I have a preconference ritual of charging and checking the device/s that I intend to tweet from.  But I always take a charger just in case. I also ensure that keystroke noises on my devices are set to silent.  Many people find the constant ‘pebble clacking’ noise of keystrokes on the iPad or iPhone very distracting.

3. Use an app

It has to be said that the native Twitter apps and website are not ideal for live tweeting.  I prefer to use one of a range of applications that enable you to better organise and monitor multiple Twitter timelines.  Currently I most often utilise the HootSuite application for the iPad.  This app allows me to view not only the timeline for the conference hashtag but also timelines for mentions of my account and direct messages, all at the same time.

4. Be courteous

I teach my children that social networks are just like any physical public space and therefore we need to behave accordingly.  Before critiquing a presenters work via Twitter, ask yourself is this something I would be prepared to say in public, is this something I would be prepared to say to the presenters face.

5. A formula for live conference tweeting

One of the biggest challenges regarding live conference tweeting is capturing reams of information coming at you at the rate of speech and conveying this in a stream of posts of 140 characters or less.  Each post should ideally contain both the conference hashtag as well as some form of attribution, identifying who has imparted the information in the first place.  Over the course of time I have developed a formulaic practice that has helped me to increase the speed by which I can record and tweet information.

  • Whenever a new presenter commences speaking I introduce them to my twitter audience (e.g. Prof. Citizen about to speak about injecting practices #AODconf)
  •  I then copy both the last name of the presenter and the conference hashtag onto my clipboard (e.g. Citizen #AODconf)
  •  I then simply paste this content into a new tweet saving me the time of having to repeatedly having to type the conference hashtag and presenters name. (e.g. We need to continue to research injecting practices in different cultures – Citizen #AODconf )

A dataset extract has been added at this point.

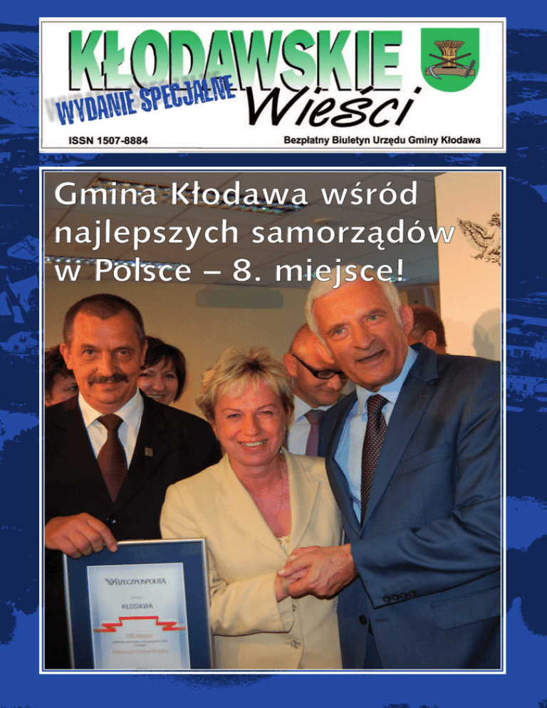 E N L A J C E P S E I N A D Y W G m in a Kł o d a wa w śr ó d n a j l e p s z y ch s a m o r zą d ó w w Polsce – 8. miejsce! Wydanie Specjalne 2010 DrodzyMieszkańcy, GminaKłodawajestnietylkopiękną,atrakcyjnąoraznowoczesną gminą,o dużympotencjalerozwojowym,aletakżeskarbnicąprzyrody.Działalnośćinwestycyjnaw ostatnichlatachskupiałasięwokół głównegocelu,jakimbyłopodnoszeniepoziomujakościżycianaszych mieszkańców.Wydatkiinwestycyjnedeterminowałytworzenienowej infrastrukturyorazwpływałyna poprawęi ochronęśrodowiskanaturalnego.Działaniatakiewymagałyciągłejaplikacjio zewnętrzneśrodkifinansowe,zasilającebudżetgminy.Wartozaznaczyć,żerealizacja w ostatnichlatachwieluprzedsięwzięćinfrastrukturalnychbyłamożliwadziękibardzodobrejwspółpracyz radągminyorazmieszkańcami,instytucjamiprzedsiębiorcamizterenugminy. Zrównoważonapolitykarozwojowa,jakąobrałamwspólniez radnymina początkuobecnejkadencjizaowocowałatym,żeGminaKłodawazyskałanowywizerunek–gminyo dużympotencjalerozwojowym, przyjaznejmieszkańcom,inwestującejw ludzi. IntegracjalokalnychśrodowisktozasługanaszychMieszkańców,którzyaktywniedziałająw klubach seniora,świetlicachwiejskich,kołachwędkarskichorazłowieckich,zespołachfolklorystycznych,tanecznychorazklubachsportowych. Przy tejokazjichciałabymzłożyćserdecznepodziękowanieza pracęwłożonąw rozwójnaszejMałejOjczyznyRadnymorazSołtysom,którzysązawszegotowido wypełnianiazadańna rzeczswoichśrodowisk,pracownikomgminnychjednostekorganizacyjnych,strażakom–niosącympomocpotrzebującym orazwszystkim,którzyprzyczynilisiędo realizacjiobranychcelów. Mamnadzieję,żezaprezentowanyw tymwydaniubiuletynudorobekinwestycyjnyosiągniętyw latach 2007-2010zaspokoiłw dużymstopniuPaństwaoczekiwania.Jestemświadomatego,żejeszcze wiele zadań przed nami. Zapraszam więc Państwa do wspólnej pracy nad przyszłorocznym budżetem. Łączęwyrazyszacunku WójtGminyKłodawa AnnaMołodciak Szanowni Mieszkaƒcy Gminy Kłodawa, Dzi´kuj´ Paƒstwu za dar wielkiego serca okazany w postaci pomocy dla gminy Gorzyce (powiat tarnobrzeski), poszkodowanej w majowej powodzi. JednoczeÊnie zwracam si´ z apelem o pomoc dla mieszkaƒców Bogatyni, poszkodowanych w tegorocznej powodzi. Woda zniszczyła ich domy, budynki gospodarcze, uprawy rolne, a wiele osób straciło dorobek całego ˝ycia. Przydadzà si´ zwłaszcza: Êrodki czystoÊci, gumowe r´kawice, Êcierki do podłogi, gumowce, nieprzemakalne płaszcze, wiadra, mopy… Ale te˝: r´czniki, koce, poÊciel, odzie˝ (nowa), Êrodki higieny osobistej. Bardzo potrzebne jest te˝ jedzenie o długim terminie wa˝noÊci w hermetycznych opakowaniach, konserwy. Mam nadziej´, ˝e znajdà si´ wÊród nas osoby, które ze zwykłej dobroci serca zechcà przyłàczyç si´ do organizowanej zbiórki. Na miejsca zbiórki darów wyznaczone zostały: Urzàd Gminy Kłodawa (w godz. pracy urz´du) oraz Êwietlice wiejskie (informacja u sołtysów wsi). Koordynatorem zbiórki, która potrwa do 10 wrzeÊnia br. jest Urzàd Gminy Kłodawa. Rolnicy, którzy chcà przekazaç płody rolne proszeni sà o kontakt telefoniczny: 095 7216-660 lub 7216-678. Dary dla powodzian z gminy Gorzyce JednoczeÊnie, w imieniu ofiar tegorocznego ˝ywiołu ju˝ teraz składam serdeczne czerwiec 2010 podzi´kowanie za wra˝liwoÊç, okazanà dobroç i udzielone wsparcie. Wójt Gminy Kłodawa Anna Mołodciak 2 Wydanie Specjalne 2010 Gmina Kłodawa wśród najlepszych samorządów w Polsce Po raz 12. gazeta „Rzeczpospolita” przeprowadziła ranking samorzàdów. Wyboru dokonywała w dwóch etapach. W pierwszym, Ministerstwo Finansów wyłoniło spoÊród 2483 miast i gmin te, które w latach 2006–2009 najlepiej zarzàdzały swoimi finansami i najkorzystniej inwestowały. Punktowana była: • dynamika wzrostu wydatków majàtkowych (pomniejszonych o Êrodki unijne) w przeliczeniu na jednego mieszkaƒca w latach 2006–2009; • wartoÊç Êrodków unijnych w przeliczeniu na jednego mieszkaƒca, które w latach 2007-2009 wpłyn´ły na rachunek bud˝etu gminy; • zadłu˝enie samorzàdu w stosunku do dochodów w latach 2006–2009; • nadwy˝ka operacyjna w stosunku do dochodów w latach 2007–2009; • dynamika wzrostu dochodów własnych w latach 2006–2009; • relacja nakładów inwestycyjnych do przyrostu zadłu˝enia w latach 2006–2009; • dynamika wzrostu wydatków ogółem na jednego mieszkaƒca w wybranych działach w poszczególnych latach 2006–2009; • transport i łàcznoÊç; • ochrona Êrodowiska. Do drugiego etapu zakwalifikowały si´ 564 samorzàdy, w tym: 64 miasta na prawach powiatu, 250 gmin miejskich i miejsko-wiejskich oraz 250 wiejskich. Wybór ten został zatwierdzony przez niezale˝nà kapituł´ w składzie: prof. dr hab Michał Kulesza, twórca reformy samorzàdowej w Polsce, Paweł Tomczak, dyrektor Biura Zwiàzku Gmin Wiejskich, Tomasz Mironczuk, prezes Banku Gospodarstwa Krajowego, Krzysztof Hetman, podsekretarz stanu w Ministerstwie Rozwoju Regionalnego, Andrzej Porawski, dyrektor biura Zwiazku Miast Polskich, Adam Kowalewski, prezes rady nadzorczej Fundacji Demokracji Lokalnej, Wojciech Romaƒski, zast´pca kierownika działu ekonomicznego „Rzeczpospolitej” i redaktor Rankingu Samorzàdów, Aleksandra Kurowska, dziennikarka działu ekonomicznego „Rzeczpospolitej”. Gmina Kłodawa znalazła si´ na zaszczytnym 8. miejscu w kategorii „najlepsze gminy wiejskie”. Uroczysta gala wr´czenia wyró˝nieƒ odbyła si´ 20 lipca w redakcji gazety. Nagrod´ z ràk prof. Jerzego Buzka, przewodniczàcego Parlamentu Europejskiego w obecnoÊci El˝biety Bieƒkowskiej, minister rozwoju regionalnego oraz Pawła Lisieckiego, redaktora naczelnego „Rzeczpospolitej” w imieniu gminy odebrała wójt Anna Mołodciak. ... Jestem naprawd´ mile zaskoczona, ˝e na 250 gmin wiejskich, nasza uplasowała si´ na ósmym miejscu. Nadmieniam, ze nasza gmina w 2005 roku znalazła si´ w „Zł

6. If your device has a camera then use it

Presenters sometimes out a great amount of effort into their slides.  The may present a fantastic quote that you cannot fit into a tweet or it may be a great infographic or other visual representation of what they are talking about.  Capturing this in a photograph and tweeting it can enhance your followers experience of the conference twitter timeline.

7.  Talk to people

The key word in social networks is social, so don’t forget to talk to people. Encourage your audience to ask questions and remember to ask questions of other delegates tweeting from the conference.